Not wanting to waste any time, we headed out in bright sunshine for the walk to the National Park. Once inside the gate, everyone around us had Raincoats on and were drenched, we were soon to find out why. We started following the track to the falls but got distracted by a Warthog crossing in front of us. This place continues to surprise you all the time.
The roar of the water just kept getting louder and suddenly through the jungle we saw the edge of the water. This was only the very 1st edge and the amount of water going over was stunning. We were both Lucky and Unlucky, as there had been significant rain in the previous months with about 10,000m3 p/s of water going over the falls. There was so much water and so much mist that I couldn’t see much, as the wind shifted you could see more, but not the whole thing.

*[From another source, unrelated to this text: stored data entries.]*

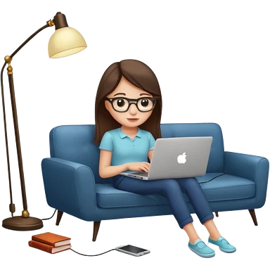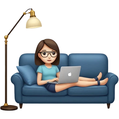 A girl is working with a laptop while lying on a sofa, with a floor lamp to the right. emoji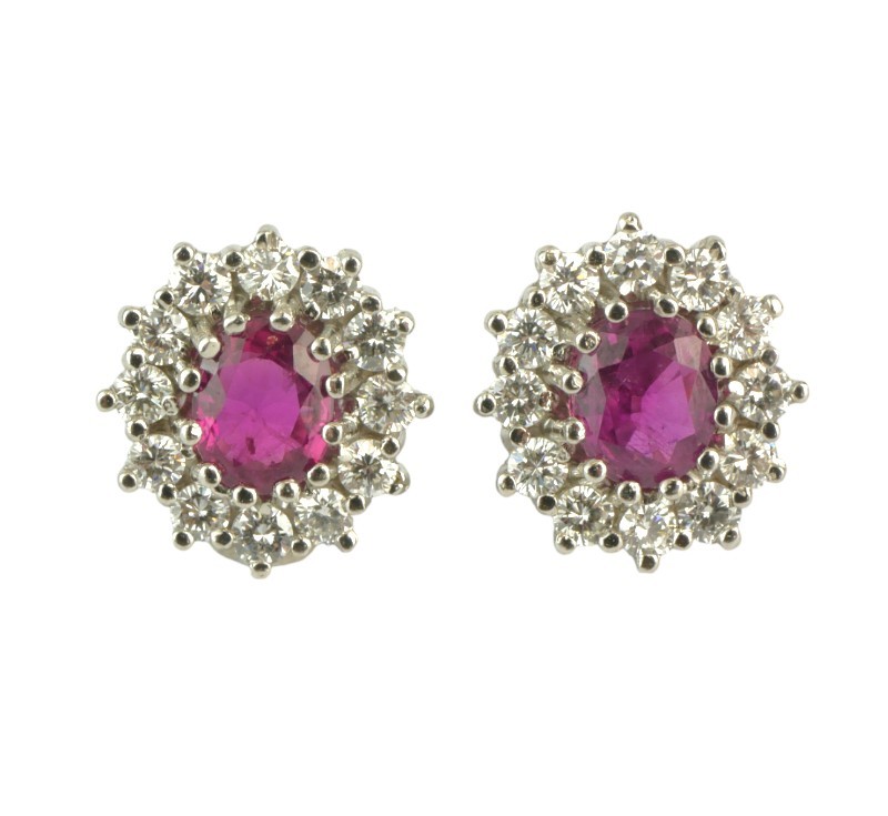 Elegantní, zářivé náušnice s centrálním přírodním rubínem oválného smíšeného brusu o váze 0,45 ct, celkové váze tedy 0,90 ct, původem pravděpodobně z Thajska, rámováno přírodními diamanty kulatého briliantového brusu o celkové váze 0,60 ct (0,025 ct - 24 ks), kvalita velmi dobrá. Pečlivě fasováno krapnami v jemně stavěné hlavici. Precizní západoevropská zlatnická práce ze 70. až 80. let 20. století. Zhotoveno z bílého 14 karátového zlata, tj. o ryzosti 585/1000; nově opatřeno puncem Z-58 (labuť 4) na dřících, ryzostní číslo a další značení na puzetách. Hmotnost 3,00 g, délka hlavice 10 mm, šířka 9 mm. Puzetové zapínání v pořádku (jedna nepůvodní), ve velmi zachovalém stavu, odborně vyčištěno a vyleštěno zlatníkem. Součástí odborný posudek.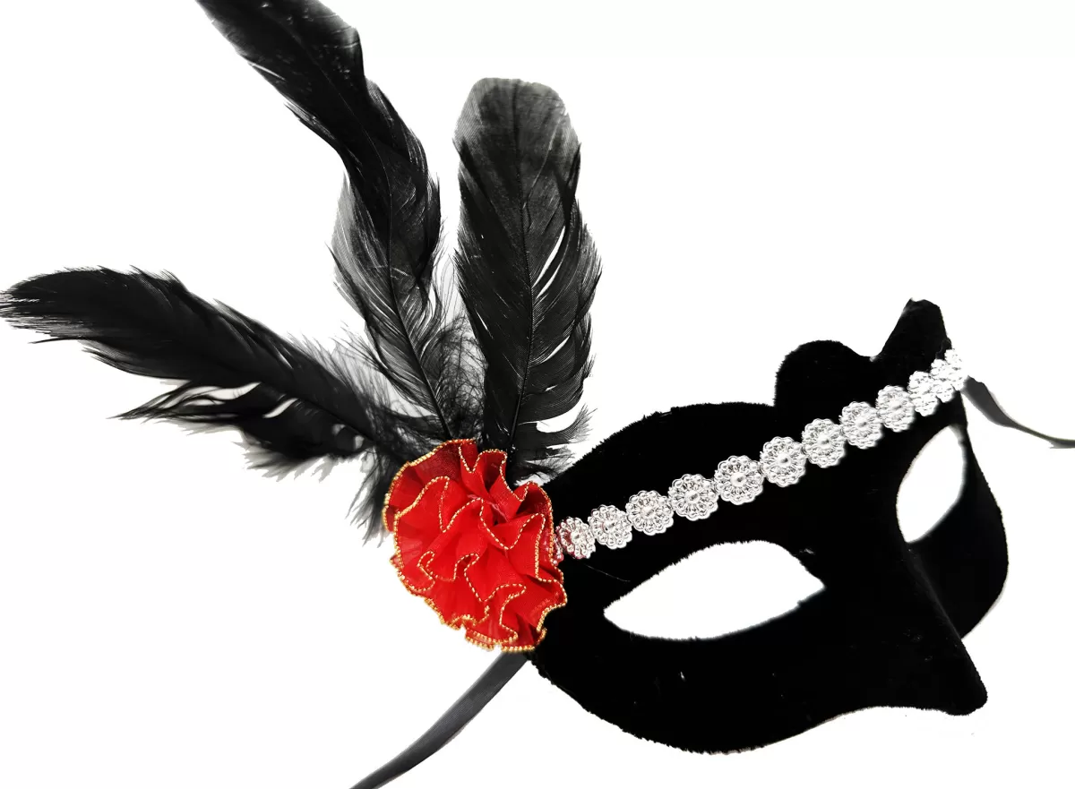 Siyah Renk Süet Kaplama Dantelli Kırmızı Gül Tasarımlı Parti Maskesi 18X20 Cm (4172)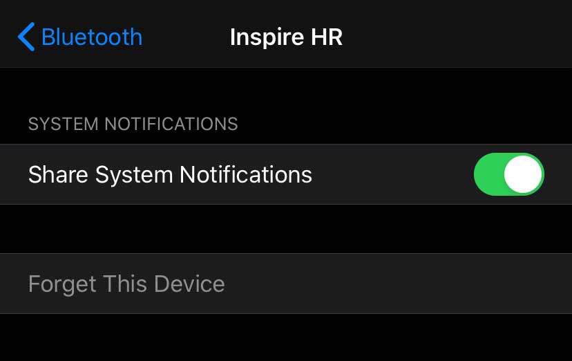 - Finally, confirm that Share System Notifications are on via your phone’s Bluetooth settings > Your Fitbit > System Notifications.
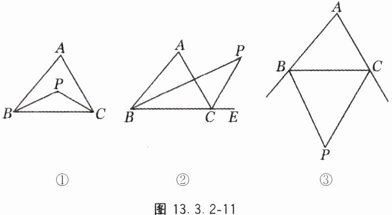 12. 如图 13.3.2 - 11,在图①中,点 P 为△ABC 的内角平分线的交点;在图②中,点 P 为△ABC 的内角平分线与外角平分线的交点;在图③中,点 P 为△ABC 外角平分线的交点. 我们已经探究得出在图①中∠P = 90° + $\frac{1}{2}$∠A,请分别探究在图②、图③中∠A 与∠P 的关系,并选择其中一个图加以说明.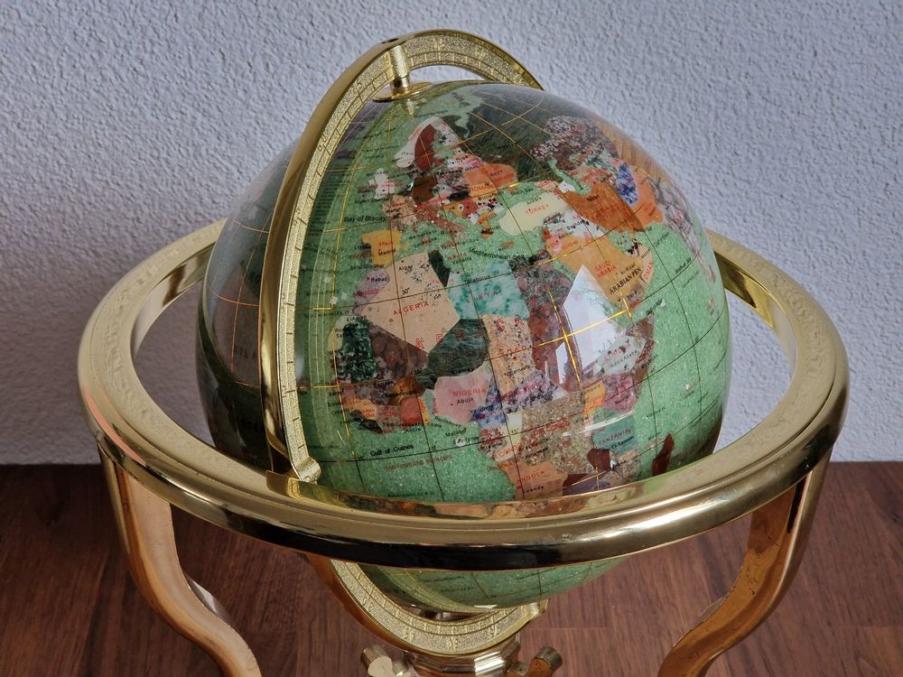 Wow, dieser Globus ist wirklich etwas Besonderes! Handgefertigt aus echten Halbedelsteinen und mit einem stabilen Metallsockel - das ist kein gewöhnlicher Globus, sondern ein richtiges Kunstwerk. Erhältlich in drei Größen: 15cm, 22cm oder 33cm Durchmesser, sodass für jeden Raum die passende Größe dabei ist.\\n\\nWas ihn so einzigartig macht? Die Ozeane sind mit gemahlenem Halbedelsteinpulver in verschiedenen Farben ausgelegt - das sieht nicht nur wunderschön aus, sondern fühlt sich auch ganz besonders an. Die Breiten- und Längengrade sind als feine Metalldrähte eingearbeitet, und die geografischen Details sind hochauflösend gedruckt und super gut lesbar.\\n\\nDie bogenförmigen Metallklammern sind richtig stabil und flexibel zugleich. Perfekt fürs Arbeitszimmer, Büro oder Wohnzimmer - nicht nur als Deko, sondern auch als Lehrhilfe. Ob auf dem Schreibtisch, im Regal oder als Blickfang im Wohnzimmer - dieser Globus zieht garantiert alle Blicke auf sich!\\n\\nUnd das Beste: Er ist manuell drehbar - einfach mal anfassen und die Welt erkunden. Ein tolles Geschenk für Wissbegierige, Reisende oder einfach für alle, die schöne Dinge lieben!
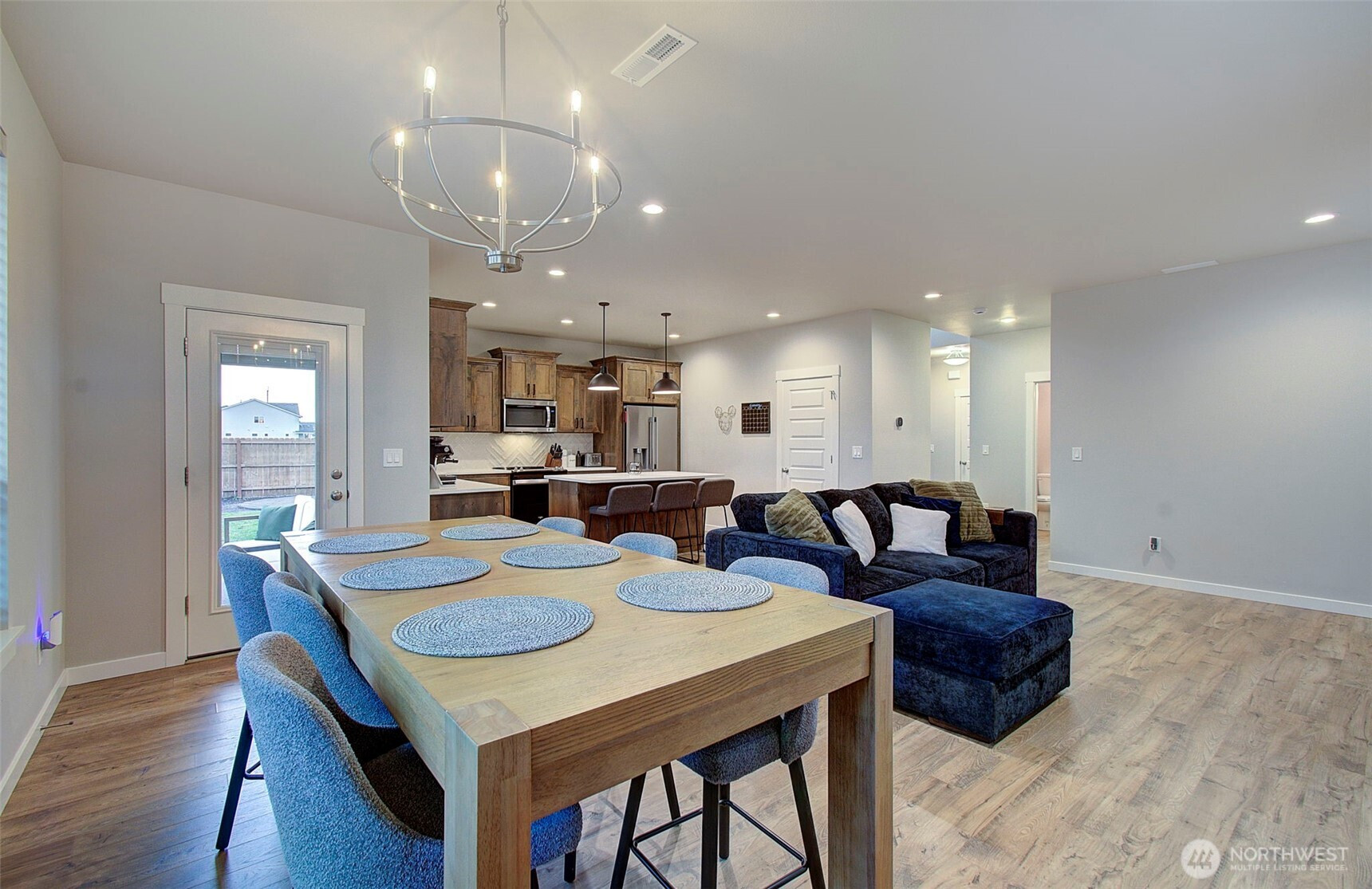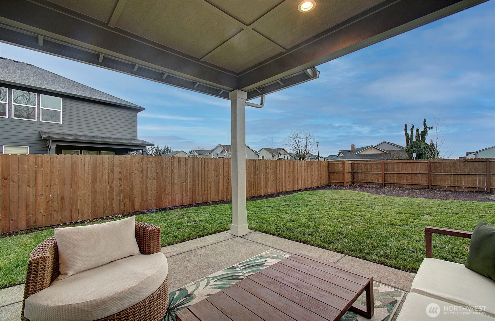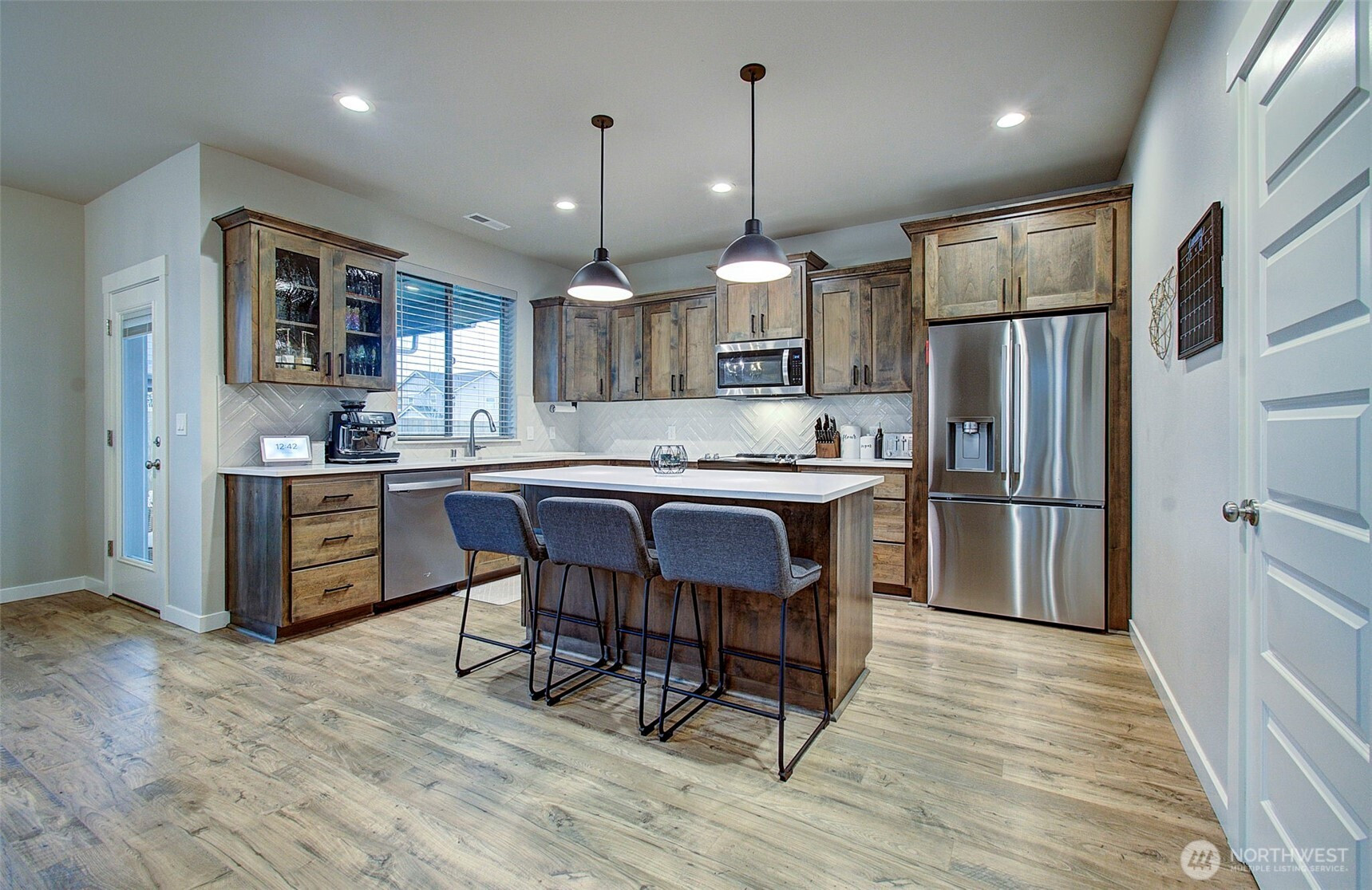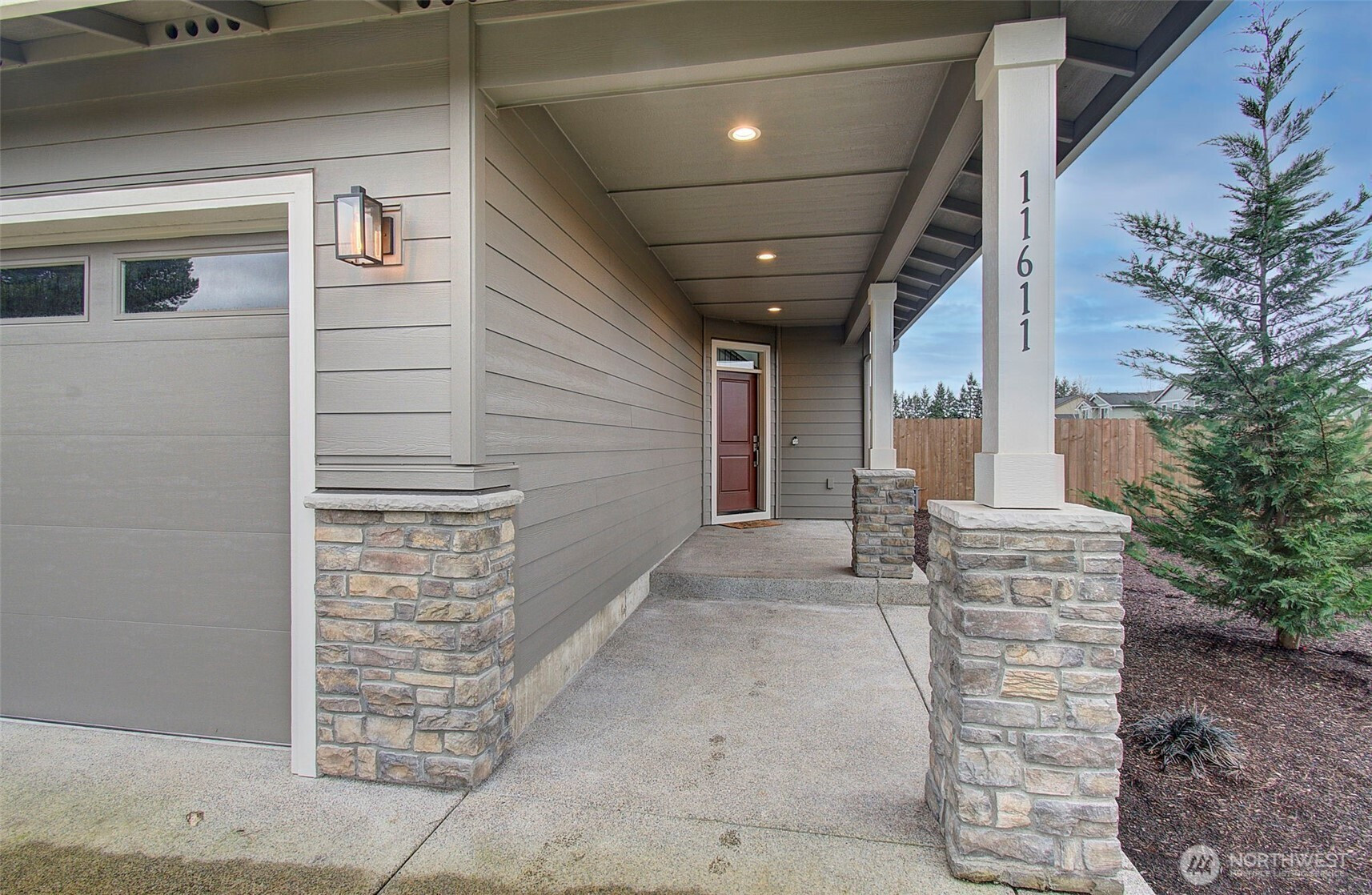 2024 build on large double corner lot near greenspace and open field. 2,295 sf with 4 bedrooms & main-floor den with French doors and 2 full baths. Quartz island kitchen with pantry, soft-close cabinets, stainless appliances and refrigerator included. Great room opens to a 13x11 covered patio and oversized fenced yard with sprinklers and above-ground pool negotiable. Primary suite features custom walk-in closet, soaking tub and walk-in shower. Washer and dryer included. Heat pump with AC, smart thermostat, luxury vinyl plank floors and finished 2-car garage. Enjoy modern finishes and plenty of smart storage. Nearly .30ac, min to shopping and schools in quiet Brush Prairie. Structural builder warranty believed transferable (buyer to verify).

We kept walking and soon found the main section; here we were in torrential rain and within seconds, drenched. We had raincoats on but that didn’t make any difference. The rain was coming from the bottom of the falls and the sky at the same time. Unfortunately for Vic, one of his cameras got drenched and didn’t work anymore, but he did get some great shots. We continued on and were rewarded with more incredible views.
On the way back to the hotel, we decided to book a Helicopter flight to get a true perspective of this place that you simply can’t get from the ground. The next morning we headed to the Helipad and got a Birdseye view of the Falls, Gorges and the surrounding area. There is a huge lake at the top of the falls that backs up for hundreds of kilometres. We could see Hippos, Elephants, Giraffes and Zebras. Our Pilot was fantastic and circled very low so we could get a great view.
From the air you can really appreciate the true size; it was worth every dollar.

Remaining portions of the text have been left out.